Его технократический ум искал объяснение, но в глазах горел азарт. Новый источник энергии? Знаний?
Сорен, присутствовавший по особому разрешению Ванн как неофициальный голос «Коалиции», покачал головой:
– Неважно, что это. Важно – что мы делаем? Шлем поздравления? Или очередной зонд, как к «Реликту»? Каждая наша экспедиция во тьму будит что-то, калечит кого-то или приносит новую заразу.
Он посмотрел на Ванн.
– Мы едва оправились от последней «искры» Келлера. Наши люди в переполненных секторах, наши дети… они не готовы к новой волне страха, к новым ресурсам, брошенным в бездну ради любопытства.

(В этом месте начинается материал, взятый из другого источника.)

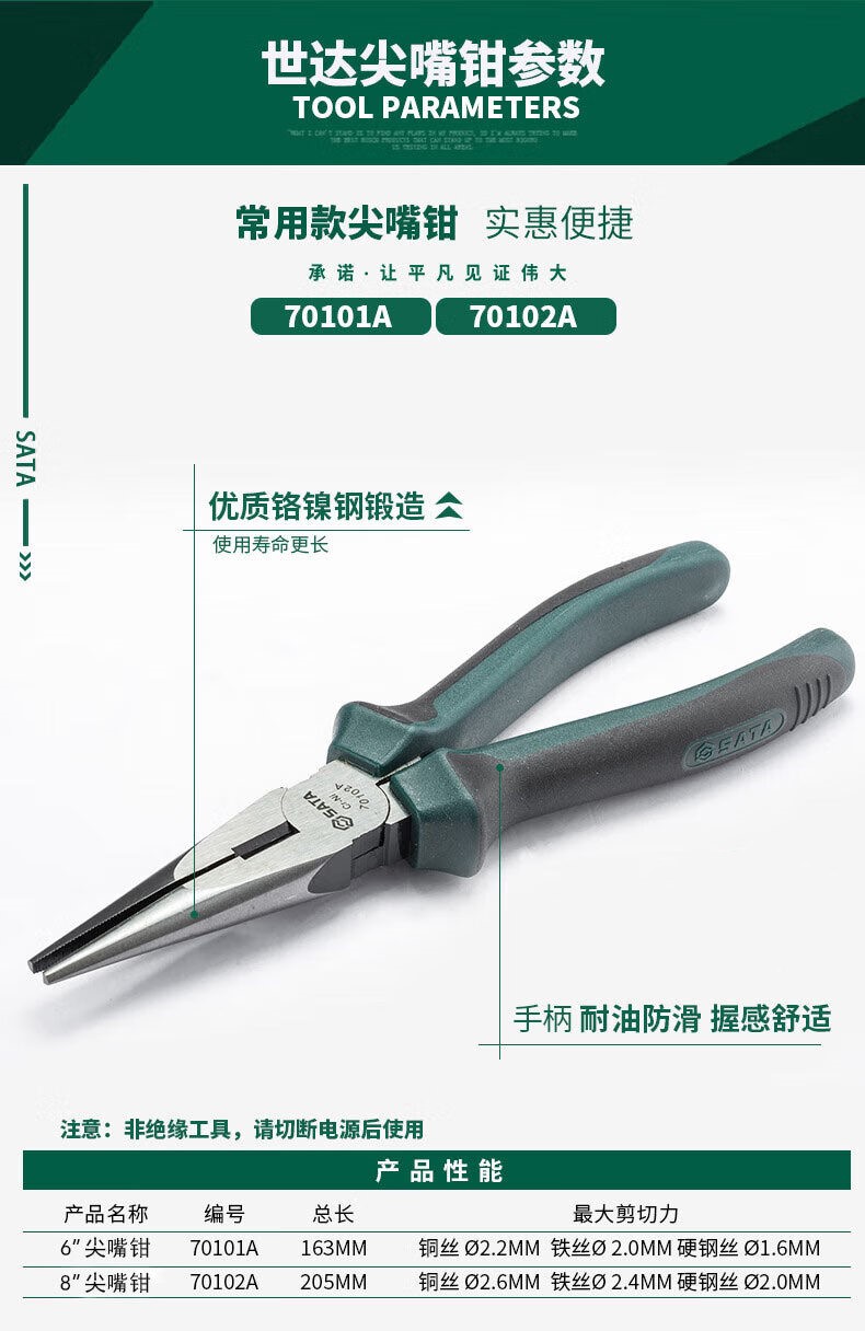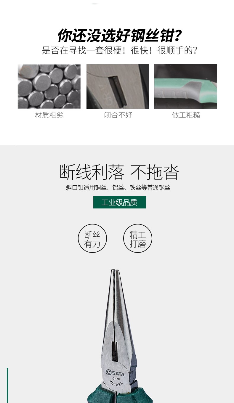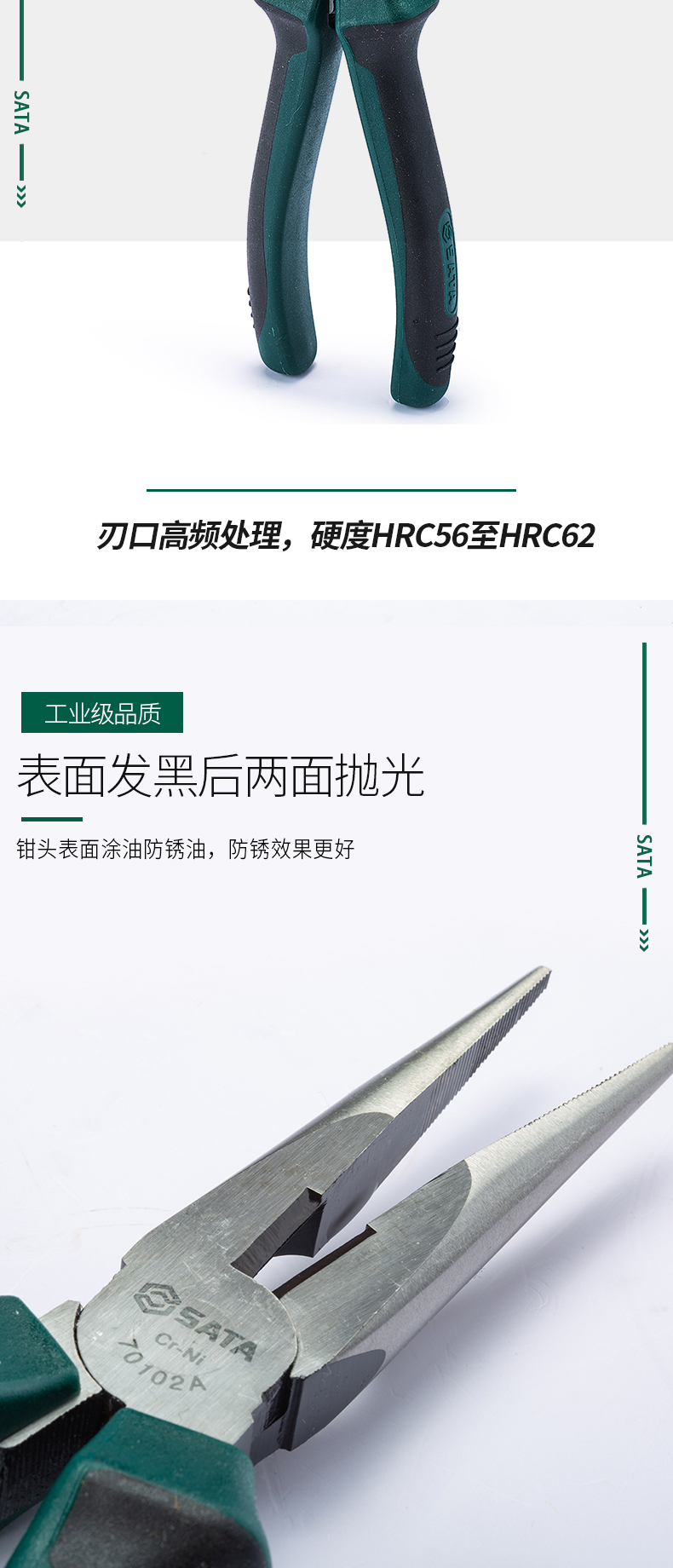 ●产品特征:·钳体铬镍钢,使用寿命延长·表面发黑后两面抛光,防锈效果好·刃口高频特殊处理,可剪钢线硬度达HRC43·TPE双色柄,耐油防滑
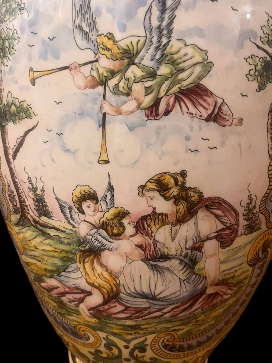 Important covered vase in polychrome glazed earthenware, of fine decorative quality, in the Italian Renaissance style, French manufacture from the late 19th century (signed under the base).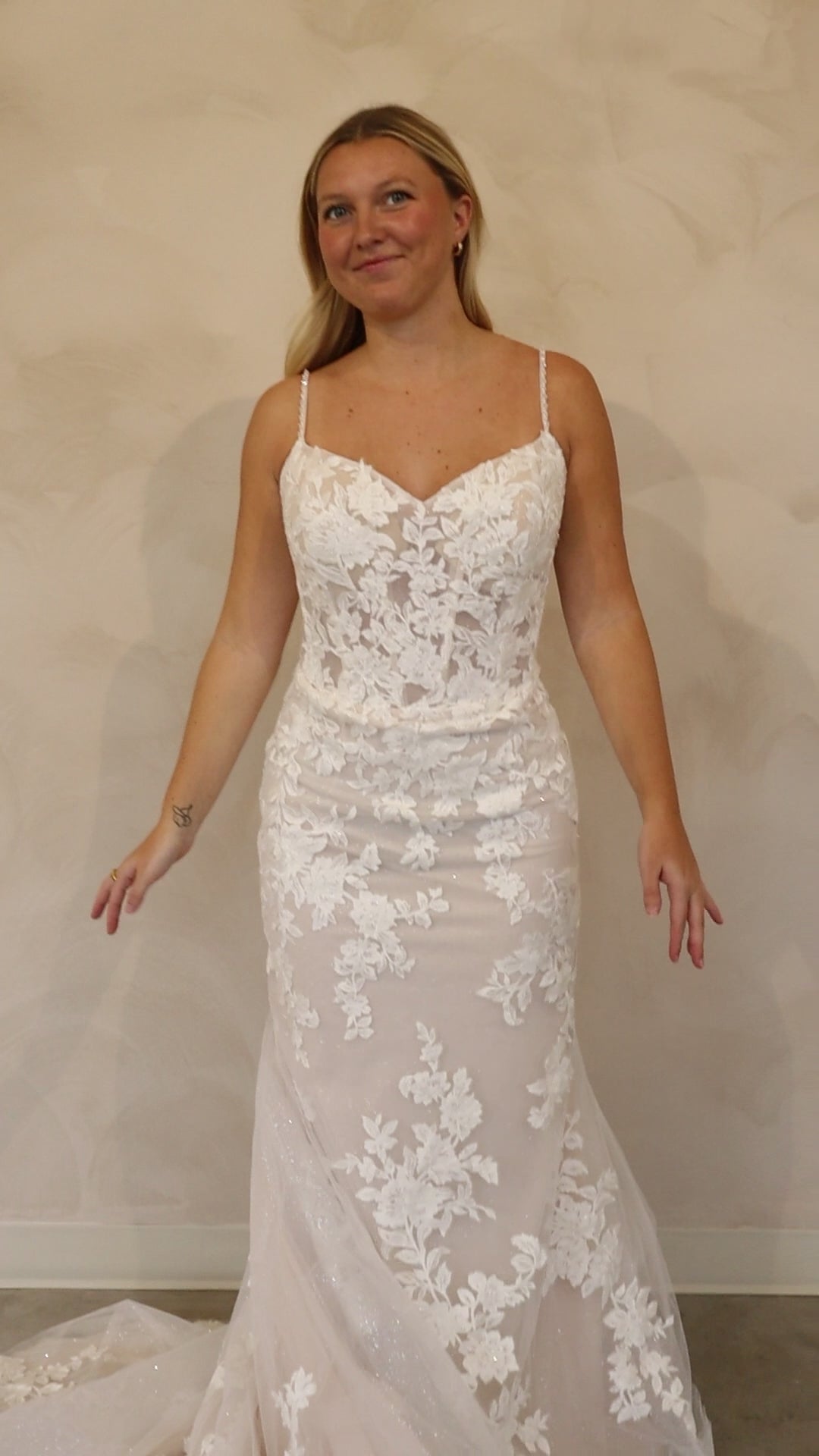 The Bodhi wedding dress is an effortlessly elegant, fitted mermaid silhouette. The illusion bodice features exposed boning with a soft v neckline and delicate beaded spaghetti straps. Floral lace applique is thoughtfully placed over the bodice and covering the full fit & flare skirt. The back skirt features a sweep length train.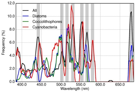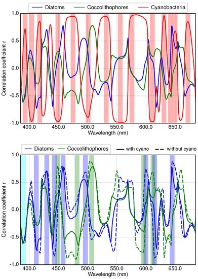 In Figure 5, we highlighted the bands that were chosen separately for cyanobacteria (top panel) and diatoms and coccolithophores (bottom panel). In the previous approach (Section 3.1), bands were simultaneously chosen for diatoms and coccolithophores, since their spectral features were not well separated.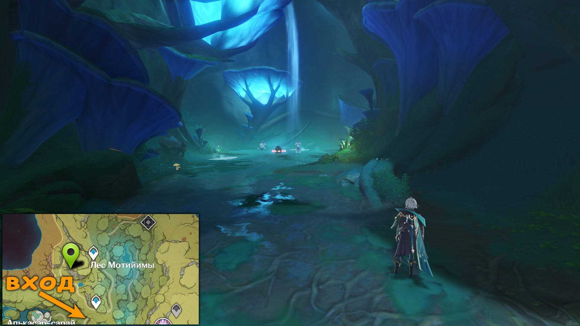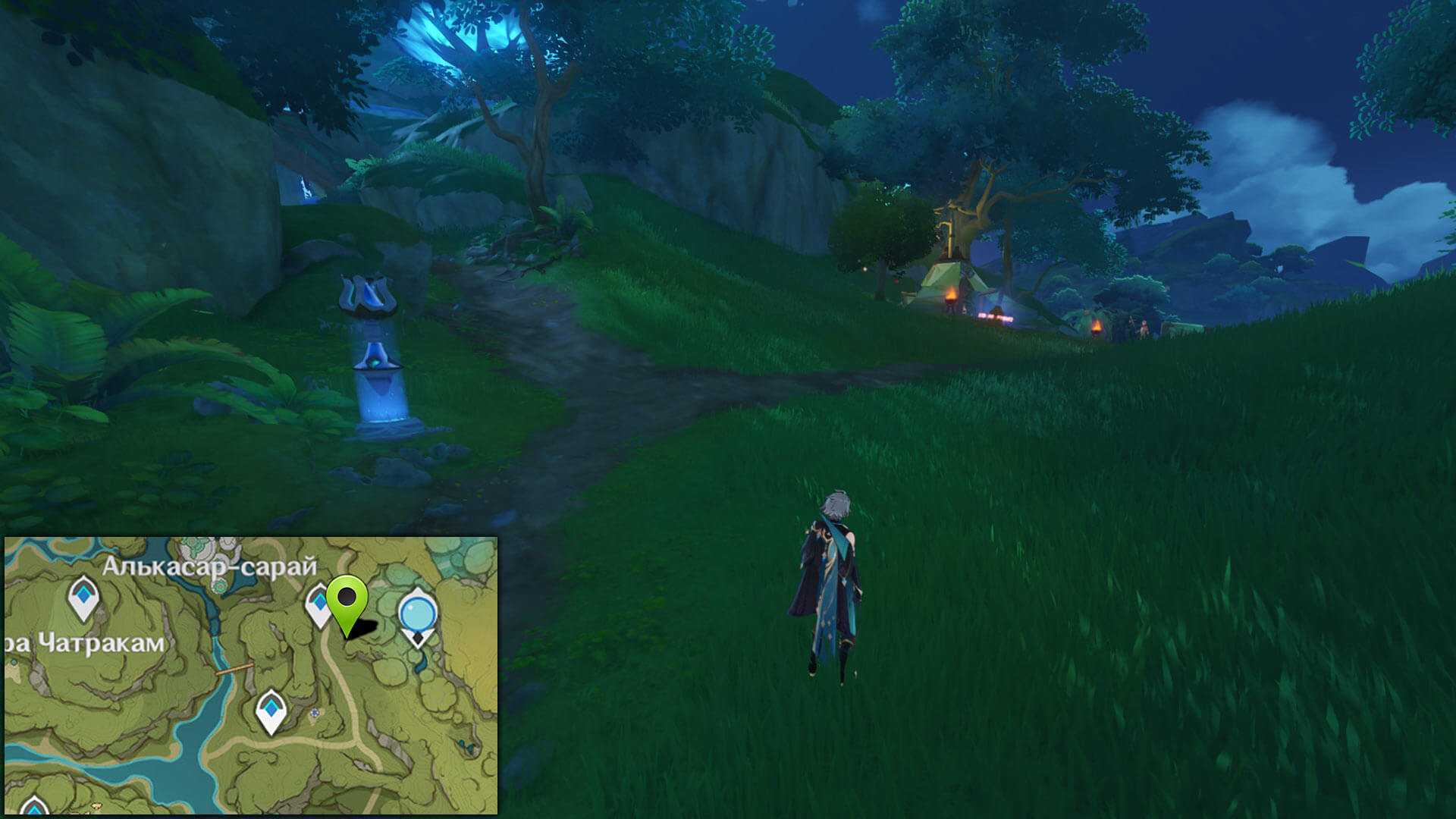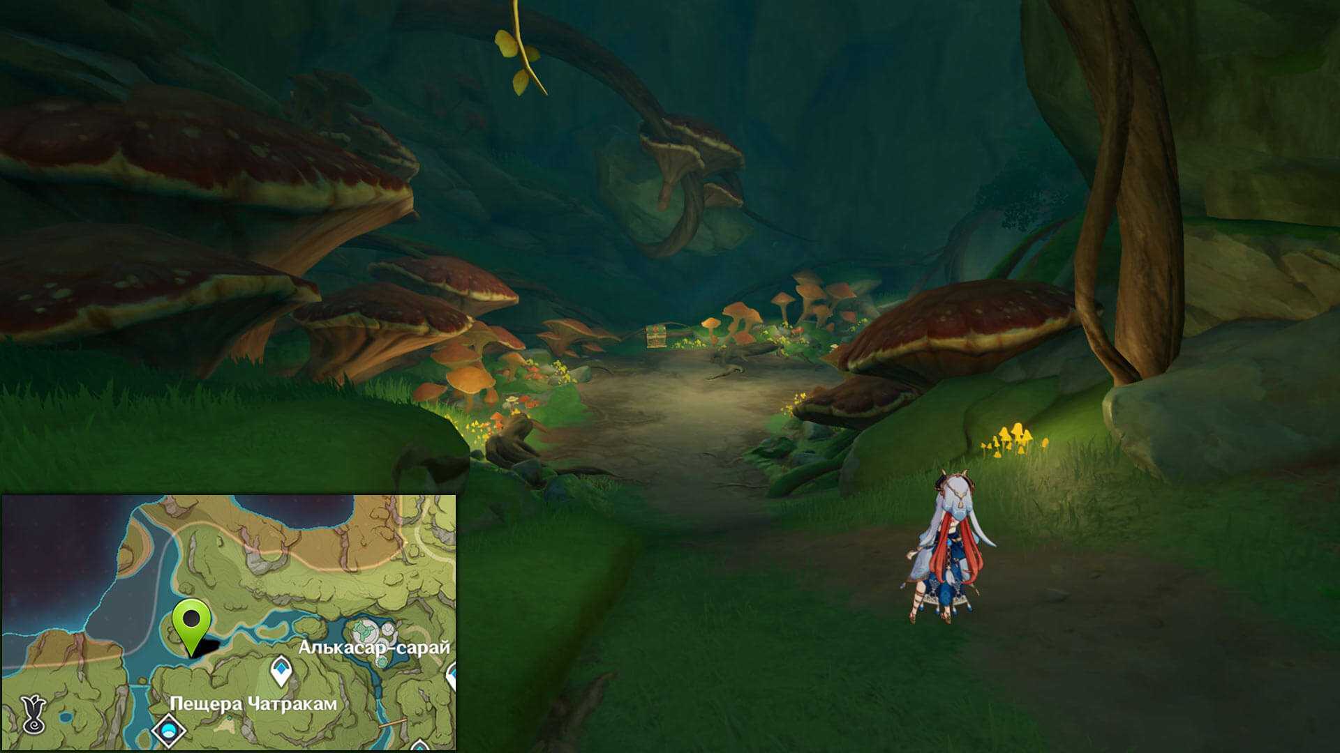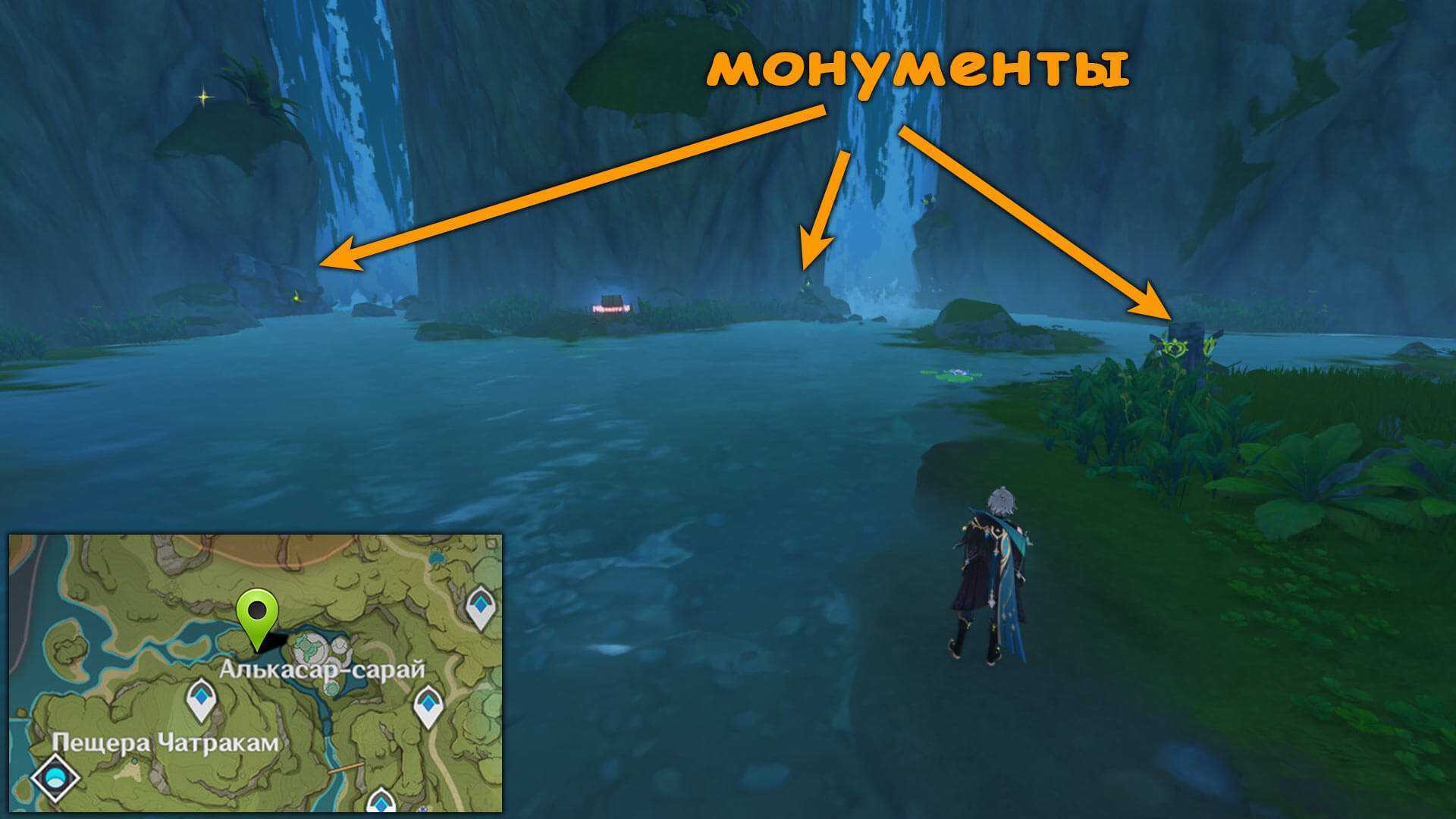 Находится внизу водопада в Алькасар–сарае. Активируем три Дендро монумента, третий находится за камнем, разрушить который можно с помощью Дендрогранума.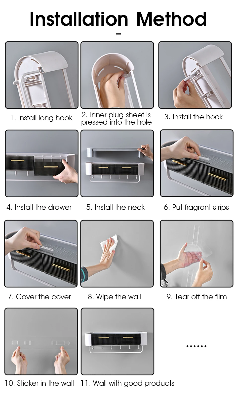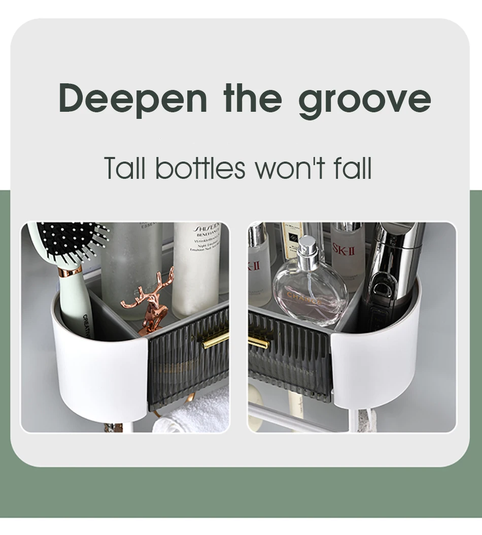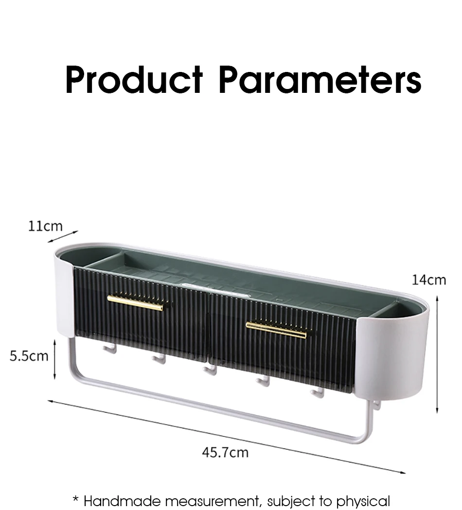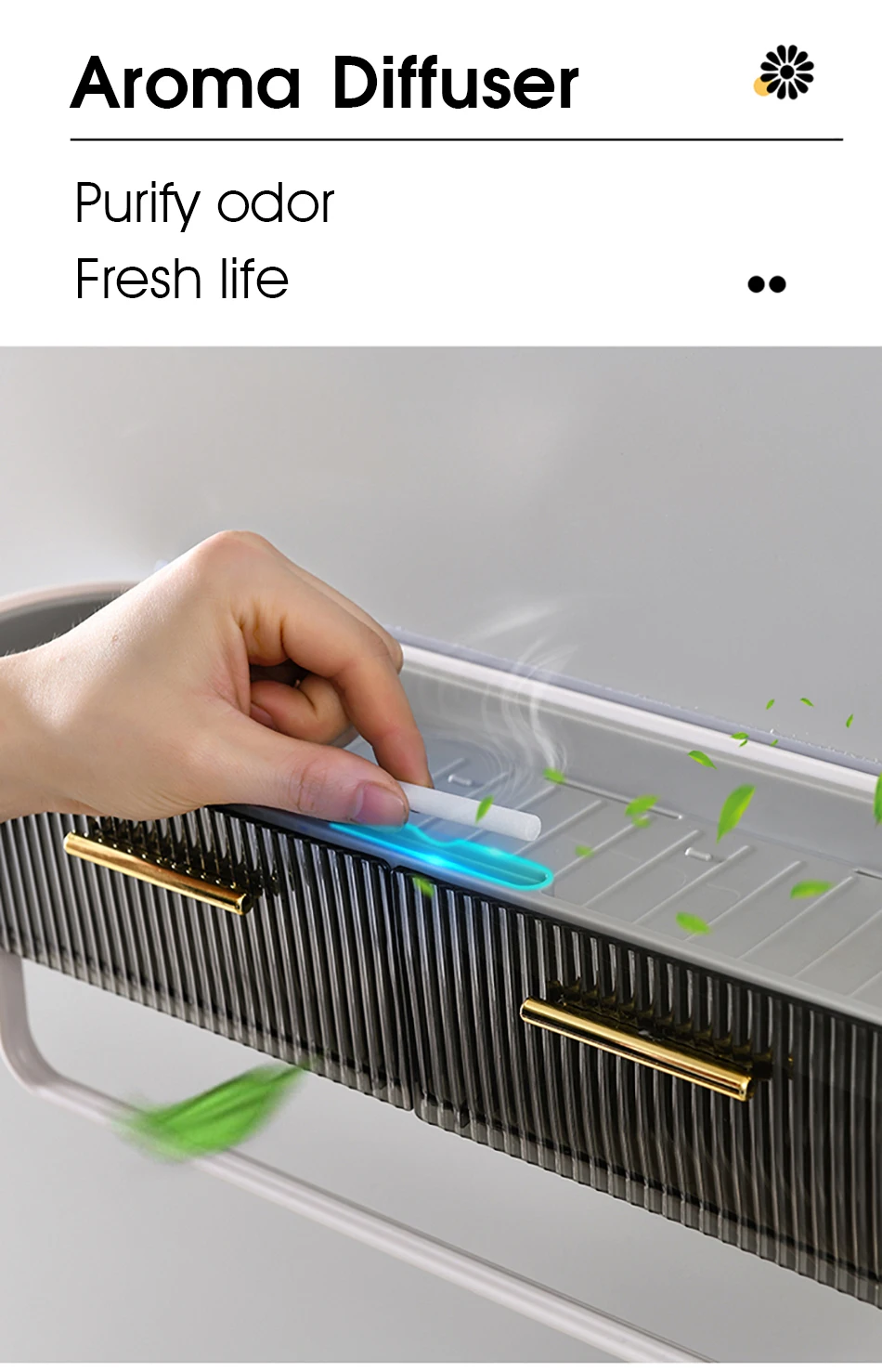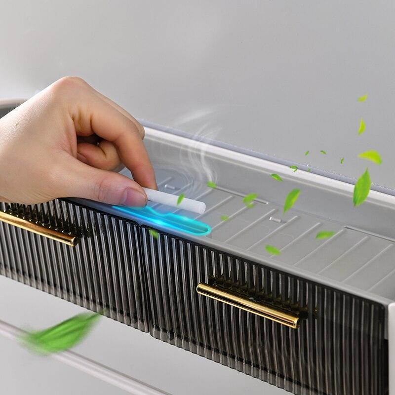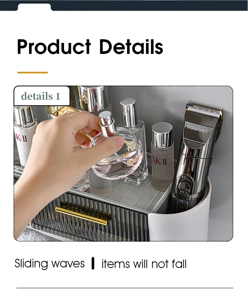 왼쪽 및 오른쪽 홈은 병을 건조하고 강화하도록 설계되었으며, 내장된 아로마테라피 홈은 공기를 정화하는 데 도움이 될 수 있습니다. 독립된 2단 서랍장으로 빠른 분류와 분류가 가능하여 필요한 것을 빠르게 찾을 수 있습니다.

– Это не любопытство, Сорен! – парировал Келлер. – Это выживание! Знание – это свет во тьме! Если там источник энергии, технология, союзник… игнорировать это – преступная глупость! Мой «Пьезо» доказал – бездна таит ключи к нашему будущему!
– Ваш «Пьезо» таит риски, о которых вы умалчиваете! – резко ответила Альма, впервые открыто вступив в спор с Келлером на Совете.
– Данные о нейронном воздействии реликтового материала…
– Не подтверждены! – перебил Келлер.
– Достаточно, чтобы быть осторожными! – парировала Альма. – Этот сигнал… он чистый. Слишком чистый. Как у «Глаза» на «Реликте», но проще. Что, если это маяк? Или… предупреждение?
Ванн наблюдала за спором, ее лицо было каменной маской. На экране мерцала красная точка в «Каньоне Хирон». Тихий, настойчивый стук чужого сердца в груди бездны. Игнорировать? Слишком опасно. Не знать – значит быть слепым. Бросать большие силы? Слишком рискованно. Люди Сорена были правы – колония едва держалась.
– Решение, – ее голос разрезал спор, как лезвие. – Отправляем зонд. Малозаметный. Автономный. «Стрекозу».
Она посмотрела на Джефа.
– Максимально пассивное сканирование. Никаких активных сигналов, никаких попыток контакта. Только глаза и уши. Цель: подтвердить источник, визуализировать, если возможно. Оценить угрозу. Никакого риска для колонии.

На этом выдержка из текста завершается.